There are many ways to perform these analyses –in-house spreadsheet solutions, downloadable templates, commercial ERP plug-ins– but they all share the following concepts:
- Predicted tool size, number of operations multiplied by die set cost factor
- Count the holes, group by size, multiply by cost factor per hole
- Measure flanges, multiply by cost per unit length, tabulate each flange in the part
- Measure the trimming and blanking lines, multiply by cost per unit length
Length of line methods applies cost factors per unit size of key features and allows user to tabulate costs
Measurements can be taken using a proposed process, which the estimator can make by hand or create using CAD or graphics programs. The estimator then measures and counts the features and visualizes the number of operations for the approximated pitch and width.
- Does the blank recognize any need for addenda or progressive carriers?
- Did the user multiply by the correct length?
- Did the operator enter one too many zeros in the length of line?
- Are the cost factors based on reliable data?
- Is the process sketch realistic for the number or type of operations?
- Are cost factors insensitive to differences in press lines?

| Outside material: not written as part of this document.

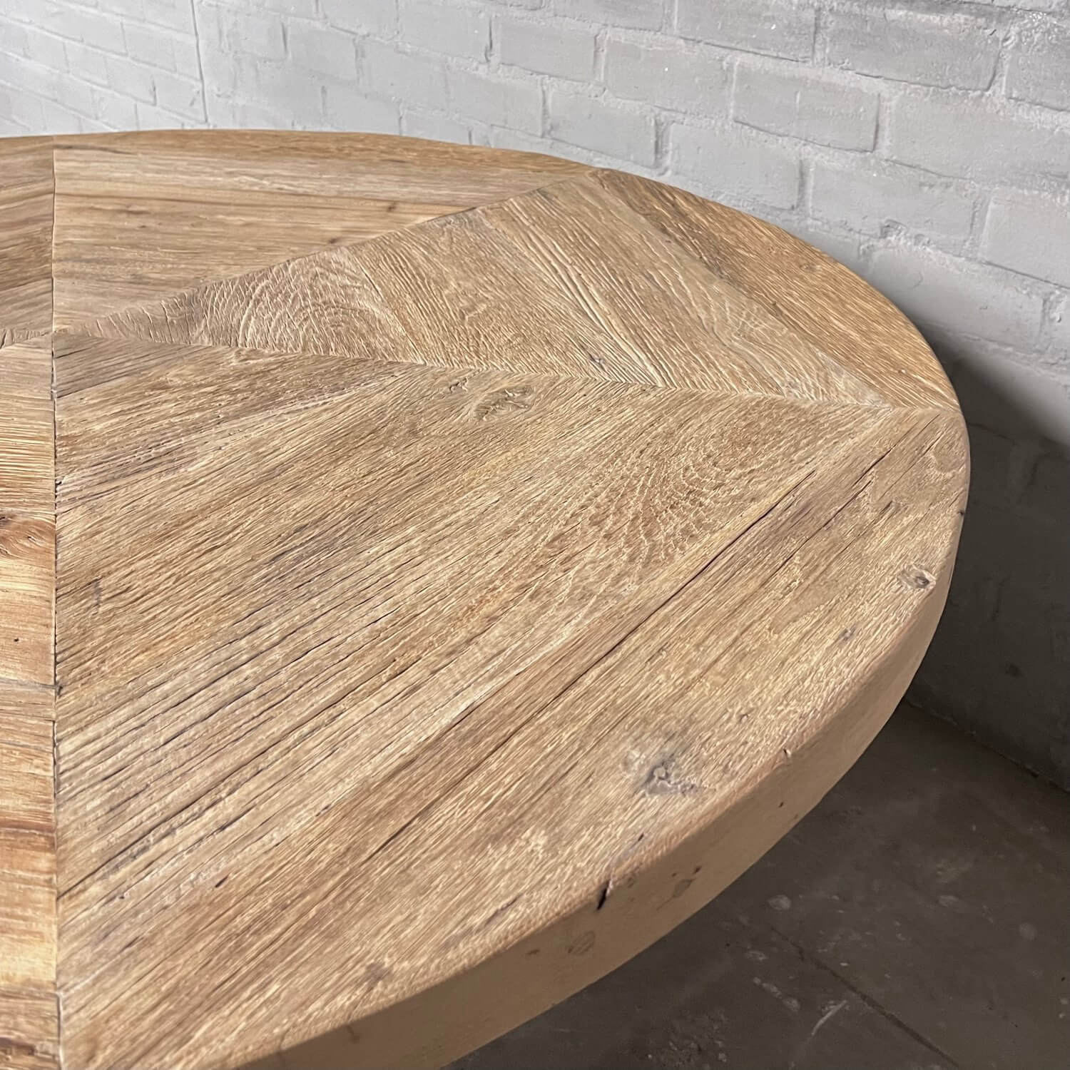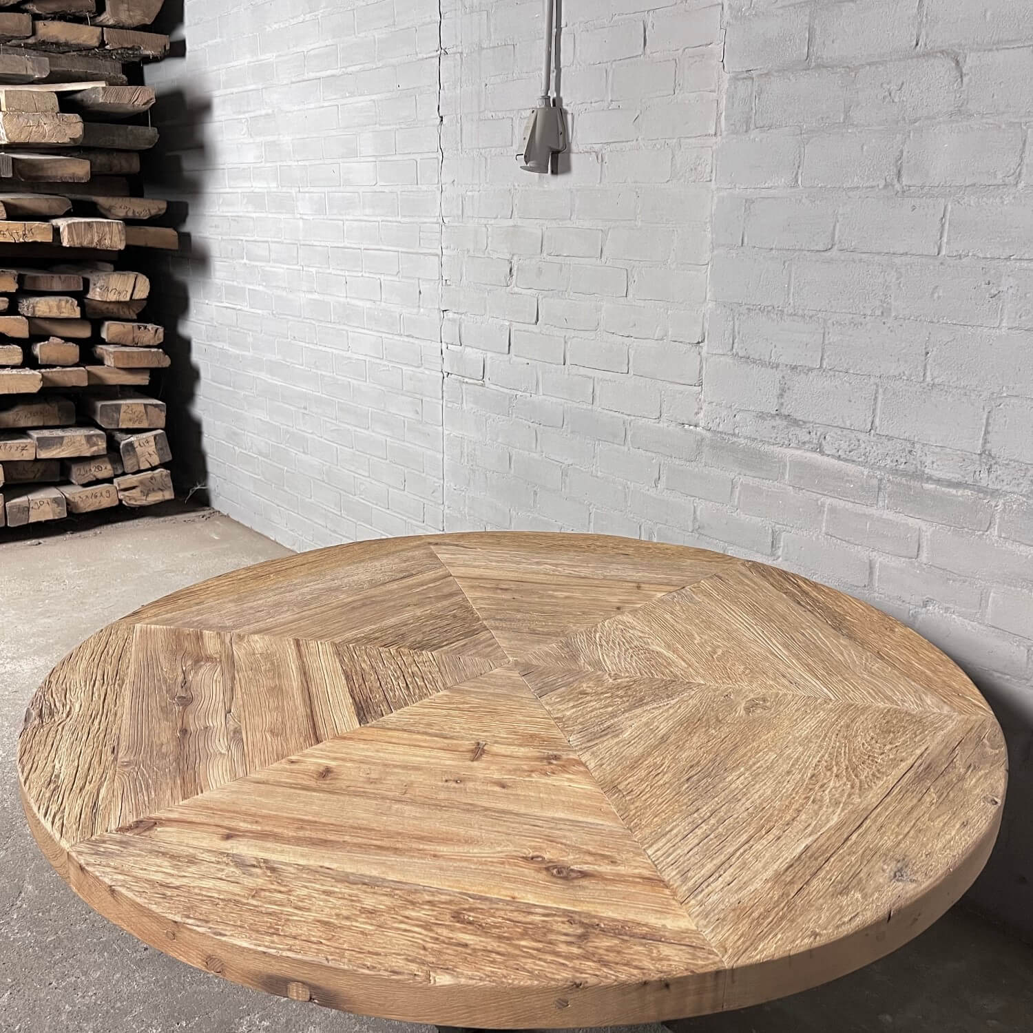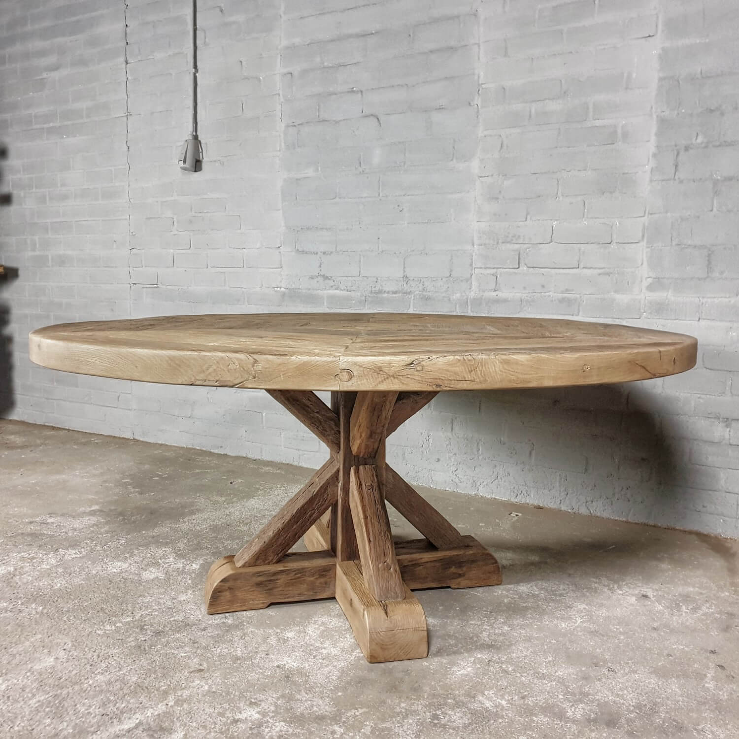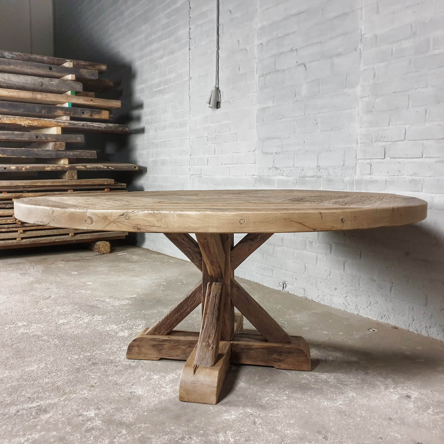 This round reclaimed oak Refectory table “Basel” is designed by ourselves and is made in our own workshop.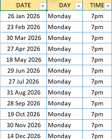 2026 DATES NOT AVAILABLE AT THIS TIME

Discretizing the costs of the specific features increases the precision of the cost estimation. However, when searching for the origins of the cost per unit length/size of features, one finds that most have arrived at the cost-per-feature by reverse-engineering historical data, which is flawed (as mentioned earlier). The estimate represents the appearance of objective data, but is based on risky assumptions.
3-Dimensional Strip and Die Layout with Bill of Materials
Another trend in tool cost estimation and quoting is the use of progressive 3-D strip layout and power-copy-generated 3-D tool solids and proposed bill of materials. This type of bottom-up costing will very likely capture the cost of the required materials and components accurately, assuming the 3-D design from quoting is the same as it? is manufactured. However, this practice introduces “work-at-risk”: hours, if not days, of engineering effort to quote on a job that likely has a low percent chance of winning. Many progressive stampers demand 3-D strip drawings with quotes, but could we ask the level of detail for large transfer tools? Probably not. This leads to disparity in costing methods for those who use both types of tools.
One thing to rule them all
It is clear that each method’s applicability is limited by the amount of information available during the cost estimation. If no process can be aligned with the product geometry, then only historical analysis can be applied. Once a process proposal is described, estimates can be developed using length-of-line methodologies. By the time a full 3-D layout is created, it may be too late to be a viable estimate.
Our solution for planning and bidding is a software solution that enables the user to arrive at cost estimates with similar effort as in any historical analysis. Users can define the process loosely, using automated process proposals to estimate resource requirements, or take the time to capture the specifics of the decisions required for the specific part. This method is just as fast as guessing, but far more reliable and can be improved upon when and if you have the time. Using a process description associated with real 3-D part data, our solution develops a bottom-up resource-based price estimate that can’t be improved upon until the full die design is complete. Of course, once a 3-D model is completed, it is not really estimating anymore.